= New England Enzyme Center =

Biochemical resource center

The New England Enzyme Center (NEEC) was created at the Tufts University School of Medicine in Boston, Massachusetts in 1964 as a federally supported biochemical resource center.

==History==

According to Doogab Yi, by the late 1970s NEEC had been transformed into "several commercial biotech companies."

Roscoe O. Brady and his colleagues at National Institutes of Health (NIH) were almost ready for a clinical trial for an enzyme replacement therapy for Gaucher's disease that they had been working on for over a decade. They could not purify the enzyme in large enough quantities.

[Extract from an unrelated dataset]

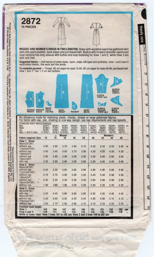 Patrón de costura vintage de los años 70, estilo 2872, vestido de noche para mujer con escote vuelto y mangas atadas, talla 16, busto 38 pulgadas
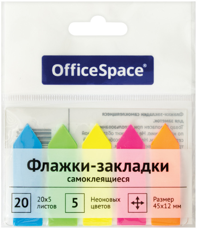 OfficeSpace Флажки-закладкикачество удобство повторная покупка для закладок расположение клея В данный момент этот товар отсутствует в продаже. Возможно, у нас найдется аналогичный или похожий товар здесь. Самоклеящиеся пластиковые флажки-закладки в виде «стрелки» 45×12 мм. 5 ярких неоновых цветов по 20 закладок. |

"They contracted with Henry Blair, who had worked at NIH with Brady but left to form the New England Enzyme Center at Tufts University Medical School in Boston. Supported solely by contracts from Brady's lab, Blair set up a lab for large-scale purification and began collecting fresh placentas. In 1981, with NIH getting ready to move into larger clinical trials and biotechnology fever exploding around him, Blair privatized his venture. He launched Genzyme, with the NIH as its major source of revenue."
— Goozne 2005:44

Blair had started his career in the biotechnology industry working as a technician at Tufts medical school. In 1978 Henry E. Blair, from the NEEC and a team of researchers including Peter G. Pentchev, Roscoe O. Brady, Daniel E. Britton and Susan H. Sorrell from the National Institutes of Health co-authored a paper in the PNAS isolating and comparing enzymes in search of a treatment for Gaucher disease.

In 1981 venture capitalist Sheridan Snyder, Henry Blair and George M. Whitesides created the start-up Genzyme and continued to produce the enzymes for the NIH. Genzyme's first office was an old clothing warehouse adjacent to Tufts Medical School.